Olympus OM-D E-M5: First impressions

e-m5We had the opportunity to briefly go hands-on with the Olympus OM-D E-M5 last month at CES. While we’re anxious to put the real deal to the test, we had a few observations about Olympus’ latest Micro Four Thirds camera. Suffice it to say we’re excited.

Size

Probably the most surprising thing about the E-M5 was its size and weight. We have had a lot of experience with the PEN series, particularly the E-P3. The E-P3 was — until now — the most sophisticated of Olympus’ MFT cameras, and upped the ante with a considerable amount of features, as well as a larger, heavier build.

At first sight, the E-M5 just looked bigger, and that can largely be attributed to its EVF. In reality however, the E-M5 is almost exactly the same size as the E-P3. It’s a bit heavier, but again, not overwhelmingly (comparison photo via CameraSize.com). 

e-m5 vs e-p3

Of course the battery pack grip changes size altogether, but for those interested in that accessory this is a plus.  

We were pretty blown away by how much Olympus packed into a body this size: it increased the sensor’s effective pixel number, added and EVF, and kept the OLED screen, adding a tilt mechanism. We expected this thing to be a lot bigger and bulkier and were happy to see that it’s not. It’s still a true MFT device. Here’s another look at how the two physically line up. 

compare

Body

The most striking thing about the E-M5 is, without a doubt, its design. Olympus had an original OM SLR series camera at CES for comparison’s sake, and only with one exception (the Fujifilm X-series) have we seen a new model recreate vintage without looking cheesy.

We don’t need to tell you that the E-M5 is a thing of beauty but we will anyway. The top mounted EVF gives it the class triangular top and it wraps the entire camera with a grip panel, versus the PEN series, which had only front-mounted side grips.

It’s functional yet vintage, and that’s a hard line to toe.

screen

Speed

While the unit we saw at CES was not the finalized thing you’re going to see on the market, it did give us an idea of how the E-M5 will function. One of the major drawbacks of MFT devices is how much slower they are than DSLRs, which automatically makes them a frustration to quite a few photographers. We couldn’t get a good idea of how burst mode in our brief hands-on, but we were able to somewhat test out the AF system. The E-M5 has the same “world’s fastest” moniker Olympus gave its E-P3 and E-PL3, a 35-point high speed AF system. What’s different this time around is that the E-M5 has new 3D tracking integrated into AF so that subject tracking should be improved.

Again we couldn’t entirely put this to the test given conditions, but given our extensive use with the E-P3 and the E-PL3, the E-M5 definitely seemed to have a faster AF. We were also indoors with decent but not great lighting, and experienced no problems — something the new system (coupled with the sensor upgrade) is supposed to improve as well.

EVF

A 100-percent viewfinder makes a world of difference, and a built-in unit is something we’ve been hoping for with the PEN series all along.

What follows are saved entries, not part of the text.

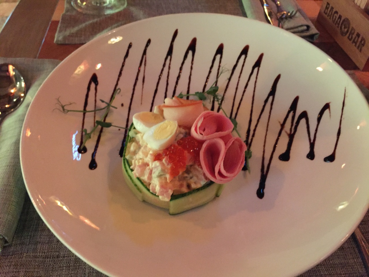 メニューは各国料理が揃ってますが、私は当然ロシア料理をチョイス。ロシア風サラダ、ボルシチ、黒パンを黒ビールとウォッカで頂き、初日の長時間フライトの疲れを癒すことが出来ました。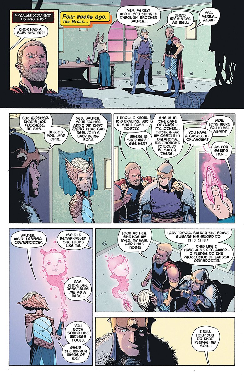 This summary clues us in right away that this is going to be a different type of series. The playful parenthesis emphasizes that it doesn’t take itself seriously. Thor and Balder just discovered four weeks ago that Odin and Freyja had sex. Imagine that parental sex revelation! The product of that union is a conveniently timed baby sister.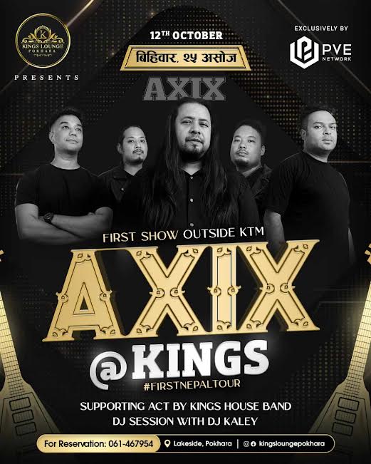 किङसमा एक्सिस व्याण्डको प्रस्तुतीः सहित किङस हाउस व्याण्ड र डि.जे. गरी तीन चरणको कार्यक्रम हुने भएको किङसका लाउन्ज पोखराका संचालक धु्रर्व केसीले बताउनु भयो ।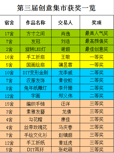 附:第三届创意集市获奖一览表
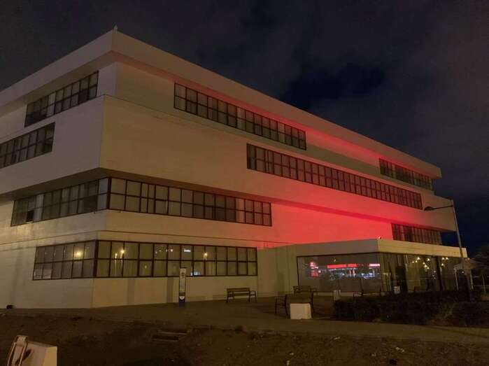 Iluminación de rojo de la fachada del edificio administrativo de El Cubillo/TA. Iluminación de rojo de la fachada del edificio administrativo de El Cubillo/TA.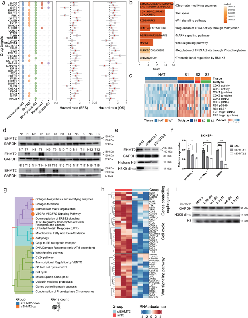 (a) 从多组学数据分析得出的 FDA 批准药物的潜在药物靶点(左)及其使用 TARGET-WT 队列(n = 125)的 EFS 和 OS 的风险比(右)和 95% 置信区间(CI)。(b) 潜在药物靶点富集的通路。(c) 热图描绘了 CDK1 和 CDK2 的激酶活性和 RNA/蛋白质表达水平、RB1(pS249 和 pS37)的磷酸化水平以及 E2F 靶基因的 RNA 和蛋白质表达水平。(d-e) 免疫印迹分析。(f) SK -NEP-1 细胞中 EHMT2 敲低后 pre-rRNA 的 mRNA 表达。(g) EHMT2 敲低后下调和上调基因的通路富集结果。(h) 与控制肾脏发生、细胞周期和 Wnt 信号通路相关的差异表达基因 RNA 丰度热图。(i) 免疫印迹分析。
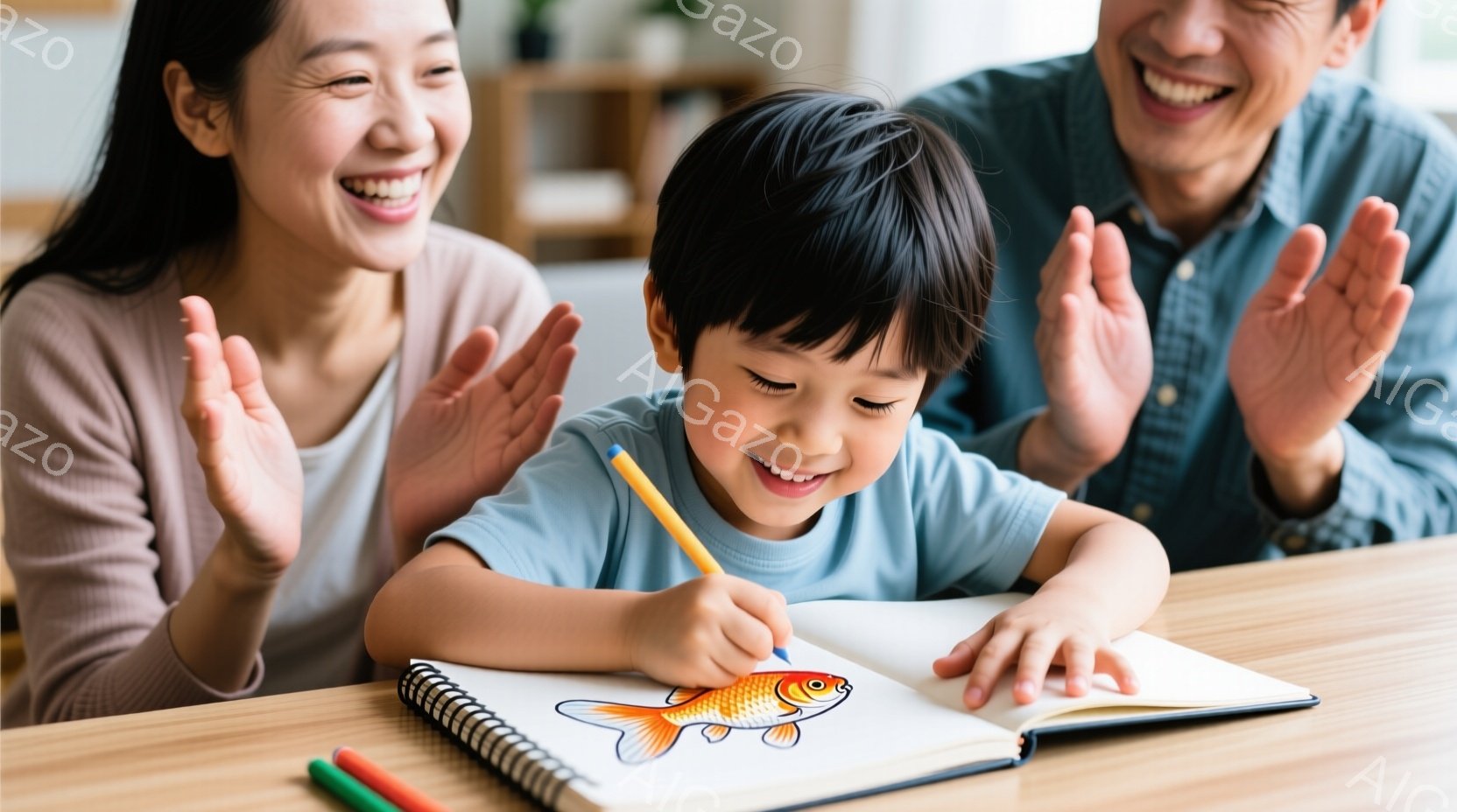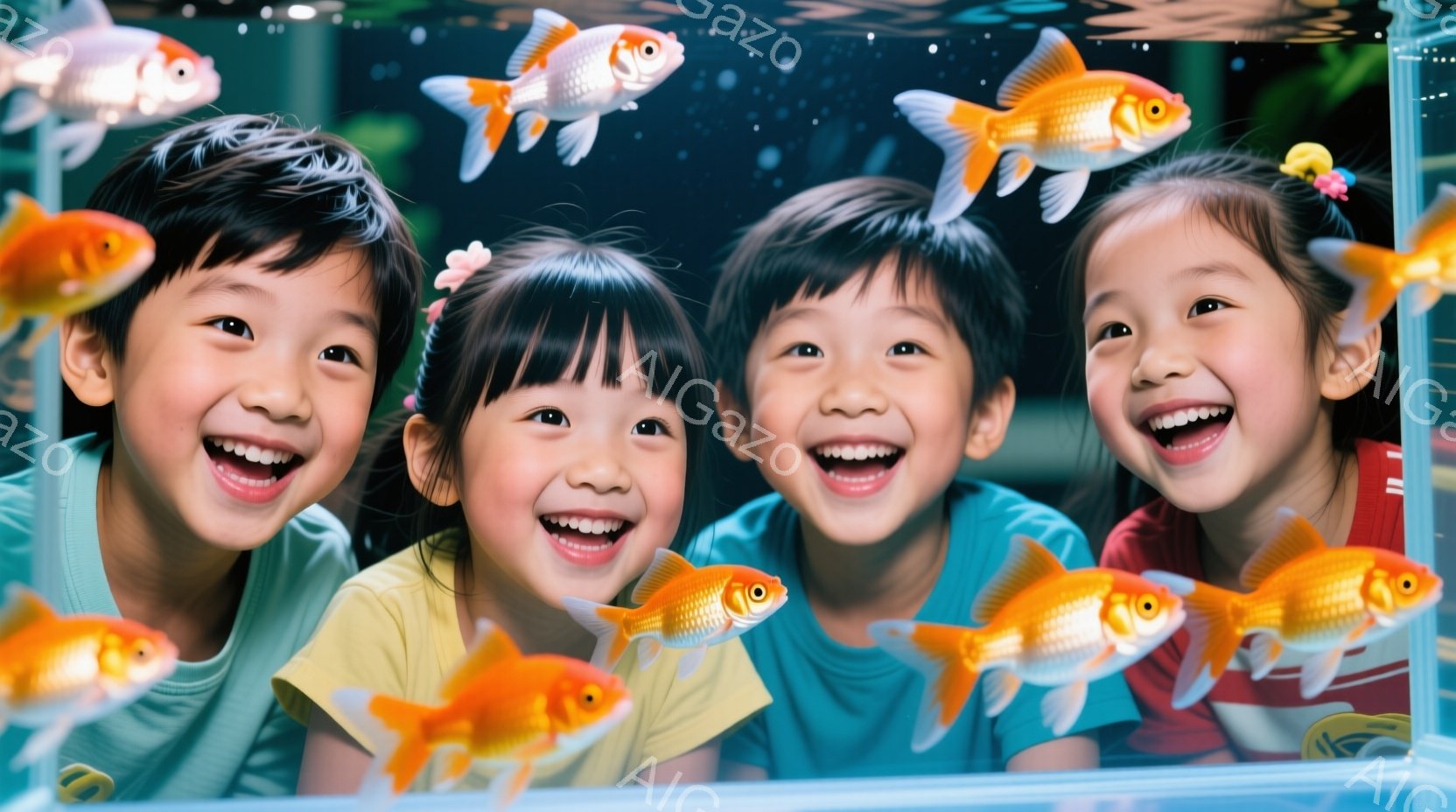 金髪の少年と少女が屋外のテーブルを囲み、大きな金魚鉢の中にいる金魚を見つめている。父親は子供たちに寄り添い、風鈴を手に持っている。背景にはレンガの建物と緑豊かな植物が見え、晴れた日の穏やかな雰囲気が漂っている。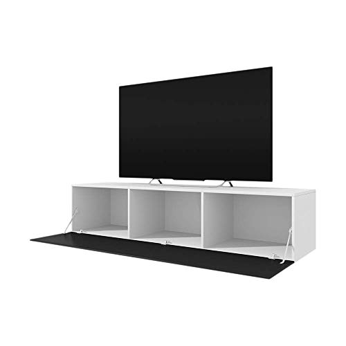 Selsey LANA - Mobile TV Sospeso/Luci LED Blu/Bianco Opaco con Frontale Nero Lucido / 160 cm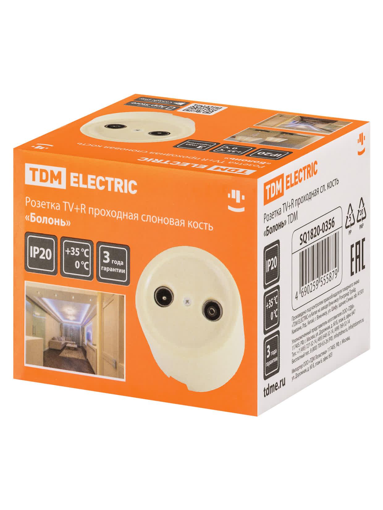 Розетка TV+R проходная сл. кость «Болонь», код SQ1820-0356, производитель TDM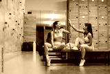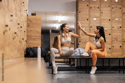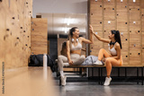 Smiling fit girls sitting in fitting room at gym and giving high five to each other.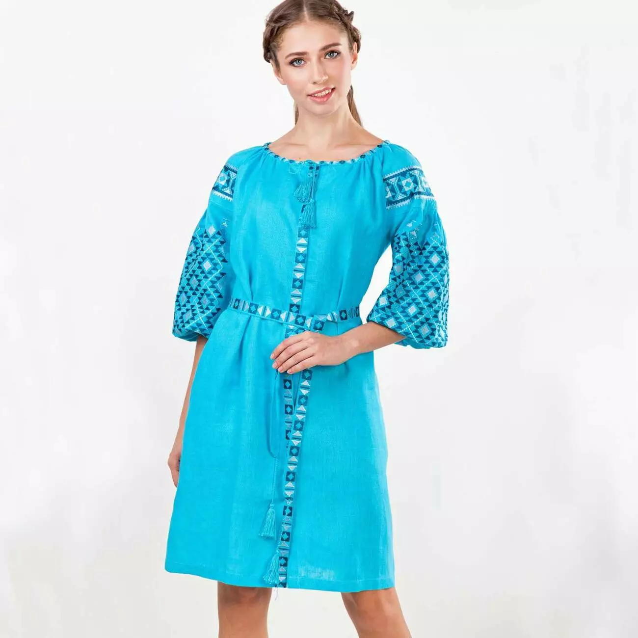 Жіноча сукня з пояском, чудово виконана на делікатній тканині кольору бірюзи із оригінальним орнаментом на рукавах, від гуртівні Leosouvenir чудово підкреслить Ваш неперевершений смак і стиль.
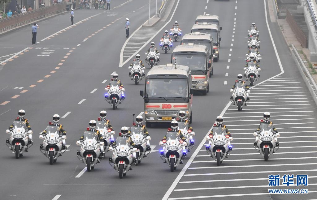 6月29日,慶祝中國共產黨成立100周年“七一勛章”頒授儀式在北京人民大會堂金色大廳隆重舉行。這是“七一勛章”獲得者集體乘坐禮賓車,由國賓護衛隊護衛前往人民大會堂。新華社記者 翟健嵐 攝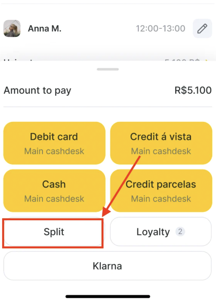 - To divide payment between two or more methods tap Split in the payment modal.
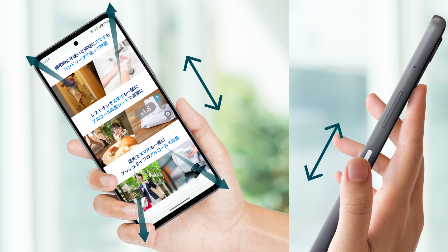 そして電源キーで指紋と指の動きを読み取る「Exlider」機能を搭載しました。復活※7を望むarrowsご利用者様の声に応えました。画面に触れることなくズームやスクロールができ、拡大操作ができないサイトもアプリも「Exlider」なら自由にズームすることができます。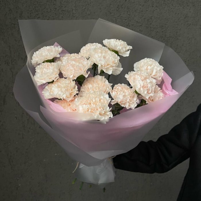 Букет 25: монобукет из кремовых гвоздик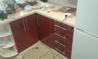 | Замена старых дверок из ЛДСП на акриловый МДФ + замена ручек. Замена старых навесов на новые с доводчиком |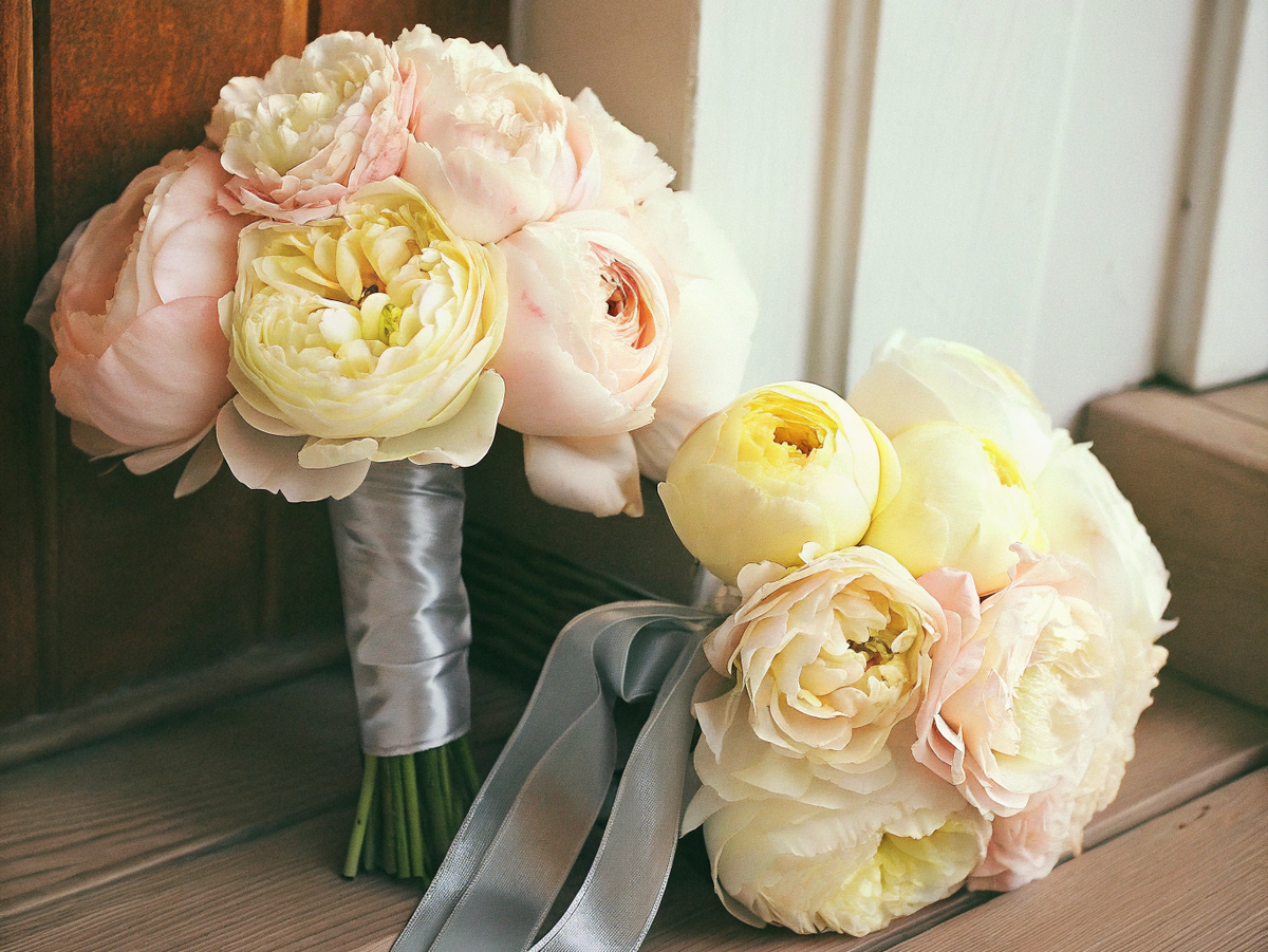 - Элегантная монохромность. Композиция из пионов Sarah Bernhardt и роз White O’Hara, оформленная в светлых тонах с серебристыми лентами. Легкая, воздушная, но при этом статусная. Такой букет будет стоить от 12 000 ₽ и особенно уместен для свадеб и утонченных поздравлений.

Of course, we’d more than love to have a hybrid mechanism like the X-series instead of just a small screen mirroring the larger LCD screen, but it’s still a significant upgrade.

The proximity sensor was responsive as well, and the EVF would flip on quickly. No one wants to wait to use the EVF, so this timing was pretty important, and we were happy with it. It also has a nice, sharp resolution, 144k dot, so you get an accurate view.

Its positioning felt more natural than some on other MFT units, which sometimes throw it off to the side. Instead it’s dead center, which gives the camera nice centered weight.

It’s still too early to say how the E-M5 will be received. It’s riding an interesting line between MFT and DSLRs, although critics are sure to cry sensor size quickly. That easy dismissal could hurt it, but we’ll have to wait for our full review to see. Still, it features important improvements from the PEN series, and addresses some old MFT complaints while also taking to task serious competition from Fujifilm and Sony. We’re anxious for a more thorough look at the E-M5.